The rule makes use of the observation that, regardless of compartments, every digit appears in exactly the same number of rows and columns. This is due to the Str8ts rule that says numbers must be unique to each row and column. For example, if 8 appears in four columns, then it must appear in exactly four rows as well.

## Comments

## ... by: hone

I have two remarks.

1. Example 6 (#246) is actually solvable with an easy oddness consideration, where only odd-length compartments need to be examined:

The six horizontal ones are all fixed and yield a surplus of two odd numbers.

Out of the 4 vertical ones A4..J4 and B9..D9 are fixed with a neutral result. So the remaining two (A5..C5 and G7..J7) need to be odd to match the horizontal surplus.

Those conditions are very rare. But the oddness can be regarded as a standard distributional tool like settis and wings. There are no street interactions ("look around the corner") involved, which is the case in the first example (#247).

2. The point of view that black cell clues count towards settis is a bit risky (at leasr my solver would mess up). IMHO it is not forbidden to have such a clue more than once in a line. In example 2 there could be the digit 1 also in E9 in addition to E5.

Thank you for your feedback.

I've only had time to consider point 2 so far: You're right: I didn't think of the (evil!) possibility of a puzzle creator adding the same white-on-black-clue twice in a row or column. In that case counting the clues towards settis would only work if they were counted two/three/... times in rows/cols where they appear two/three/... times. Counting them as missing would work correctly.

However: In a BCA analysis both ways wouldn't work correctly, though one could repair the method "counting white-on-black-digits as missing" by counting them two/three/... times in rows/cols where they appear two/three/... times. (Writing two/three/... times the digit in red behind the row/col.)

Hm, I shall think about what to do with that. Maybe a footnote warning user's of the danger of evil puzzle creators might do the trick :-)

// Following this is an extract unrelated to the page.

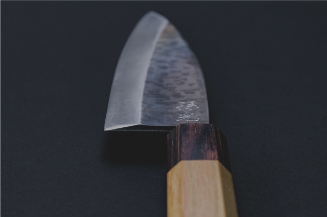 硬いステンレス鋼は骨などに当たると衝撃で刃こぼれしやすいのですが、粘りのある青紙2号は刃こぼれしにくいです。
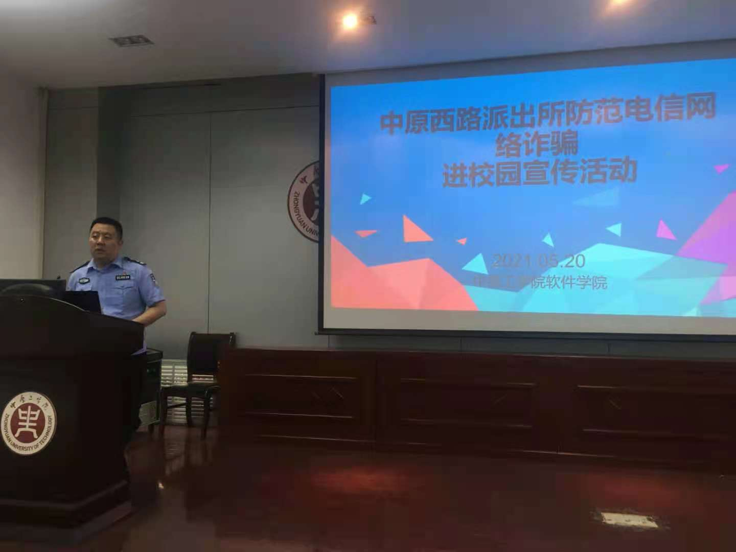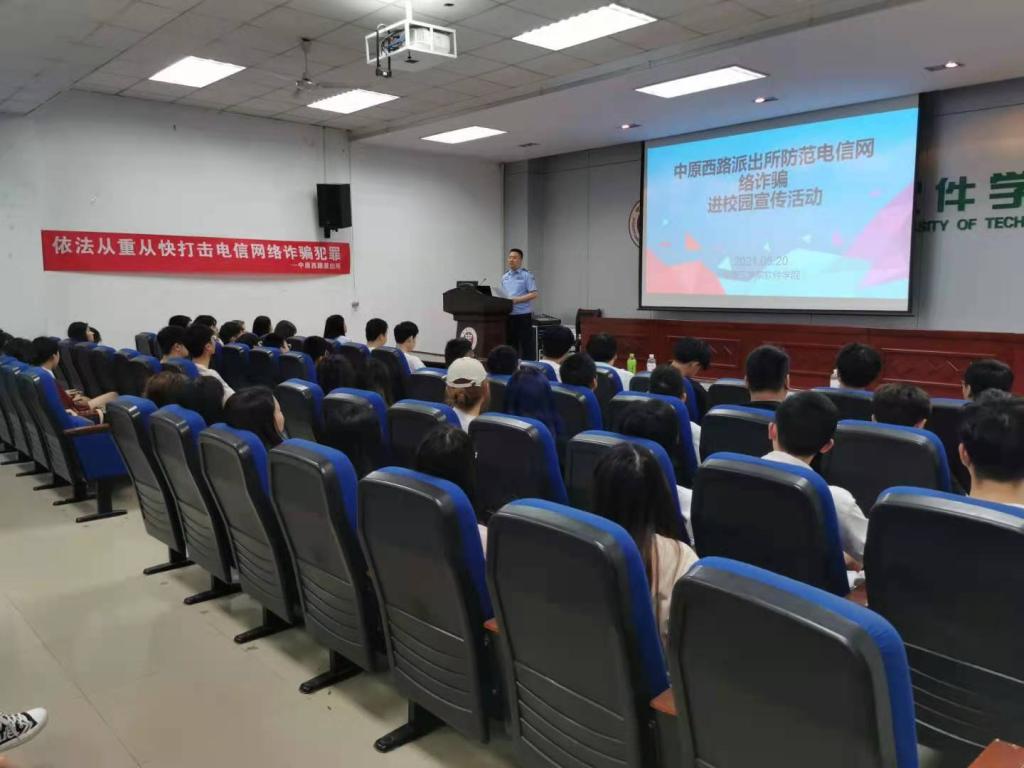 为了让在校学生进一步了解电信网络诈骗,增强我院大学生电信网络诈骗的防范意识,并学会如何预防电信网络诈骗,2021年5月20日下午,中原西路派出所负责社区的张健所长一行来到williamhill英国中文,为在校师生带来“防范电信网络诈骗进校园”宣传活动,共有150人参加会议。

First of all: All examples in my tutorial are of course chosen to demonstrate something. The solutions are not about solving the puzzle the quickest way but to explain a certain strategy.

Second: I wouldn't agree that the described oddness consideration is easier or quicker than a combined setti on the even numbers, actually for me the opposite is true. I would always start with a BCA in order to get an overview about missing digits, before even thinking of doing an oddness argument. And having done the BCA the combined setti leaps to the eye and is counted much quicker than the oddness argument - but that's of course a subjective choice.

Plus I cannot really see the advantage of using an oddness argument. As I see it: If the oddness argument works a combined setti on even or odd numbers will work as well, not vice versa.

But I will modify my note that a combined setti on even/odd numbers is called an oddness argument, because I didn't know that for the latter you just look at the odd compartments and do not count the missing odd or even digits but the differences between them.